As you write out the lines from the one containing "Refer to the" through the last line of the records, keep them exact and leave out pictures.

(Stored records)
○ ○ ○ ○ ○

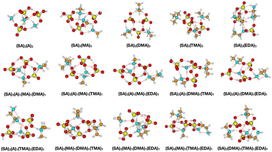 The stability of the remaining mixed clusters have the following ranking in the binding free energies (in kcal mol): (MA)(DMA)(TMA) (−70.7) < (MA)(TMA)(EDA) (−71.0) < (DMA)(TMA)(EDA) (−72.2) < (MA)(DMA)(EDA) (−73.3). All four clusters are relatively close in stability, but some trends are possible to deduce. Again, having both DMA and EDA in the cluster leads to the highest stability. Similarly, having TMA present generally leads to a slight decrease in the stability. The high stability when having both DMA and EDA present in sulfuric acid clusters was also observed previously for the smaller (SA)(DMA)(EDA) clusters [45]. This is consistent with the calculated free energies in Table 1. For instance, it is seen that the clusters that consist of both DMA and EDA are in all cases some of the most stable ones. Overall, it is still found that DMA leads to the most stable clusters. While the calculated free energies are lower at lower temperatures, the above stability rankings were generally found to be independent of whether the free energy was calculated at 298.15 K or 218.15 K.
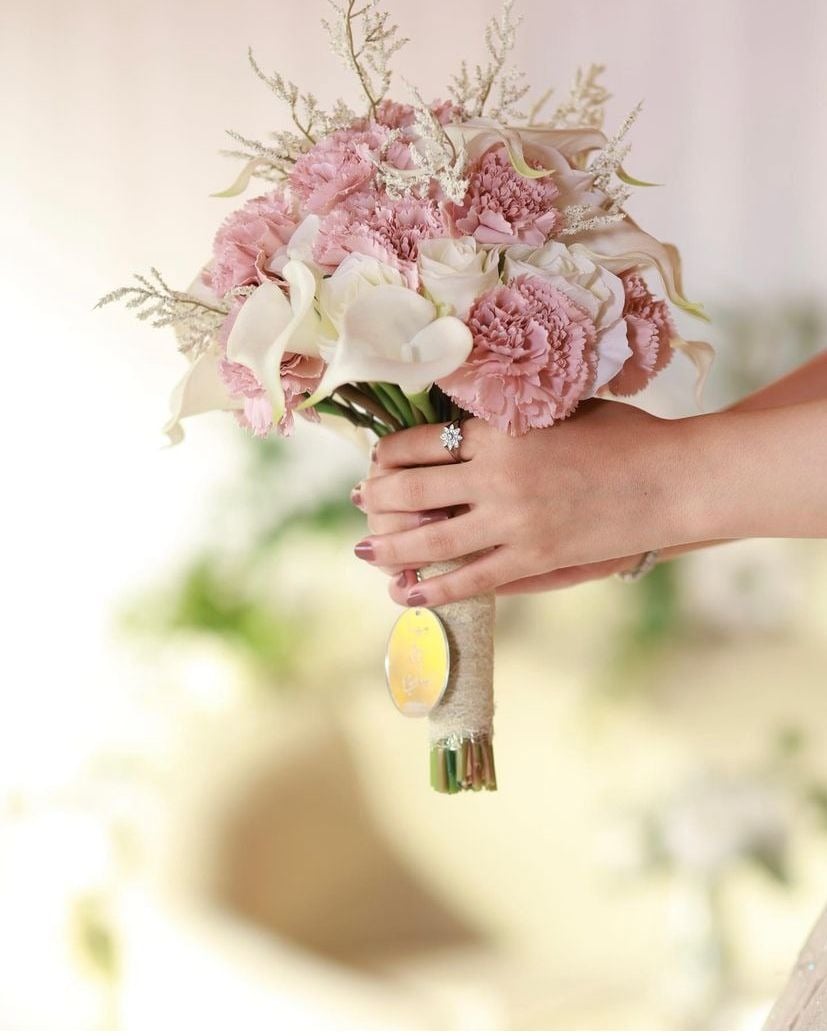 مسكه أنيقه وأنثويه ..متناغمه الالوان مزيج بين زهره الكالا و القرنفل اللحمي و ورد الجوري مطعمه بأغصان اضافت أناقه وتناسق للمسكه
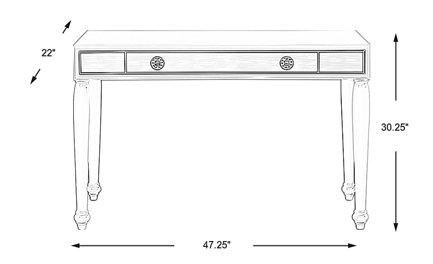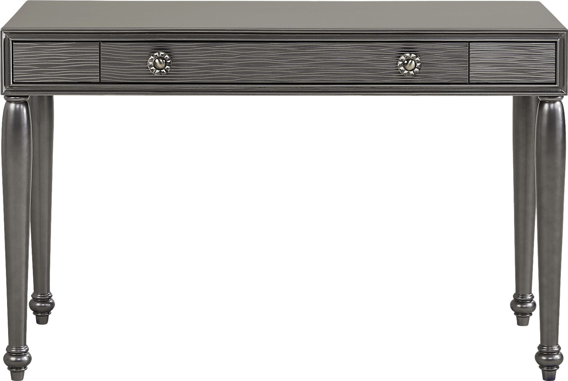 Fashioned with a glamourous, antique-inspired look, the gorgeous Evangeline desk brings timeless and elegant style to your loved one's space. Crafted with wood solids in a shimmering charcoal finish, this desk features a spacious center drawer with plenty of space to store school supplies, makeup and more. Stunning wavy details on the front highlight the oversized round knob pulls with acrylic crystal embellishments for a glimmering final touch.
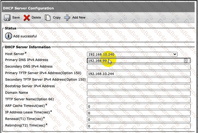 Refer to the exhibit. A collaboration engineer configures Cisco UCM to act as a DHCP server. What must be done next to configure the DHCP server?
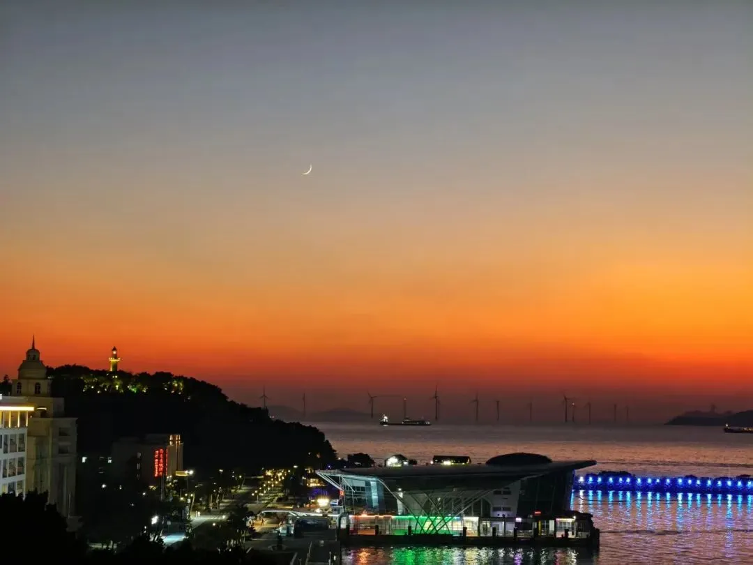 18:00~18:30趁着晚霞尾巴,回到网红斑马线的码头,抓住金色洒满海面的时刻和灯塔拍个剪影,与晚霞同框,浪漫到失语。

○ ○ ○ ○ ○

**Finished exercise:**
 Refer to the exhibit. A collaboration engineer configures Cisco UCM to act as a DHCP server. What must be done next to configure the DHCP server?
 18:00~18:30趁着晚霞尾巴,回到网红斑马线的码头,抓住金色洒满海面的时刻和灯塔拍个剪影,与晚霞同框,浪漫到失语。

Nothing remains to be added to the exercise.